Procedimento de rotina. Não era uma transmissão ao vivo.
As imagens seriam usadas para ilustrar a reportagem sobre a
corrida que o correspondente Roberto Cabrini editaria no final do dia, a tempo
de ser gerada para o Rio de Janeiro e exibida no programa Fantástico.
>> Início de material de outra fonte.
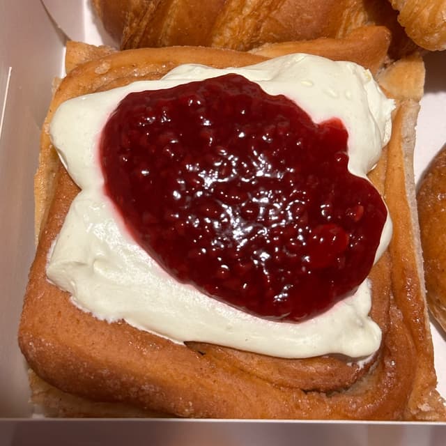 cinnamon roll con crema chantilly e lampone. delizioso e soffice, con la cannella ci sta da dio :)

Não era um dia de sorrisos para ninguém no autódromo de
Imola.
Menos ainda para Ayrton, que havia anos já assombrava
mecânicos, engenheiros, jornalistas e namoradas com sua capacidade de se
concentrar nos momentos que antecediam à largada, tornando todos à sua volta
rigorosamente invisíveis e inaudíveis. Seu olhar, naqueles momentos, parecia
estar em outra dimensão. Sua seriedade formava uma muralha da qual poucos
ousavam se aproximar, não importando a patente familiar ou a relação
contratual.
Para alguns, naqueles momentos ele antecipava curvas e
movimentos dos adversários. Para outros, rezava. Outros ainda achavam que
aquela era uma travessia sensorial para um mundo cheio de fúria que só cabia e
existia no cockpit. Uma travessia sem volta até que a corrida, a dele,
terminasse.
A câmera de Armand Deus continuava gravando quando Ayrton se
aproximou da parte traseira de sua Williams e pousou as mãos sobre o aerofólio.
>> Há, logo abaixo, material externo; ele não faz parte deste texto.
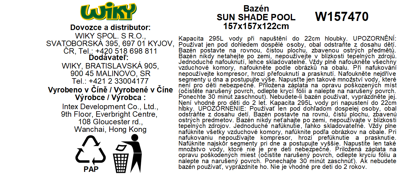 Dětský bazén se střechou, velikost: 157 x 157 x 122 cm, objem: 295 l, výška hladiny: 22 cm, odnímatelná nafukovací stříška, vinyl 0,25 mm, vypouštěcí ventil, opravná sadaParametry produktu

Teve uma rápida conversa sobre a suspensão traseira com o
engenheiro David Brown. Depois, seu olhar passou a se alternar entre o nada e a
Williams, ainda suspensa nos cavaletes, sem as rodas, recebendo os últimos
ajustes dos mecânicos.
Era mais do que a concentração de sempre. Havia uma contida
inquietação. E também uma tristeza solene e impotente. Estavam ausentes, no seu
semblante, como desde o início daquele ano, a intensidade e aquele olhar de
predador dos tempos da Lotus e da McLaren. Nem mesmo o rápido comentário de Patrick
Head, o diretor da Williams, pareceu diminuir a distância que ele mantinha de
tudo que o rodeava.
Algum pensamento finalmente o resgatou daquela estranha
dispersão para o ritual do cockpit: balaclava, capacete, macacão fechado até o
pescoço e uma espera disciplinada, de pé, com as mãos cruzadas sobre a cintura,
pela ordem de entrar no carro e ajustar o cinto de segurança.
As imagens gravadas por Armand Deus no boxe da Williams e,
minutos depois, as que foram feitas no grid de largada, quando Ayrton mudou a
rotina e tirou o capacete, se tornaram históricas. Deflagraram o sofrido
exercício ao qual milhões de pessoas, especialmente os brasileiros, se
entregaram nos dias seguintes: o que estava por trás daqueles últimos olhares,
gestos e silêncios?
Havia muitas respostas possíveis, sozinhas ou combinadas.
Dentro e fora da pista.
Schumacher estava ali, quase ao lado, mais do que nunca
disposto a destroná-lo. Roland Ratzenberger morrera depois de uma batida
centenas de metros à sua frente, no dia anterior, e o fizera, pelo menos por
algumas horas, desistir de correr. Rubens Barrichello, que ele vinha tratando
como uma espécie de irmão mais novo das pistas, sobrevivera a um acidente
assustador, na sexta-feira. Aquela Williams que ele chamava de "cadeira
elétrica", um carro arisco e difícil de guiar, estava consumindo pneus com
preocupante rapidez.
A placa de um minuto foi erguida.
Vinte e cinco motores de Fórmula 1 começaram a rugir.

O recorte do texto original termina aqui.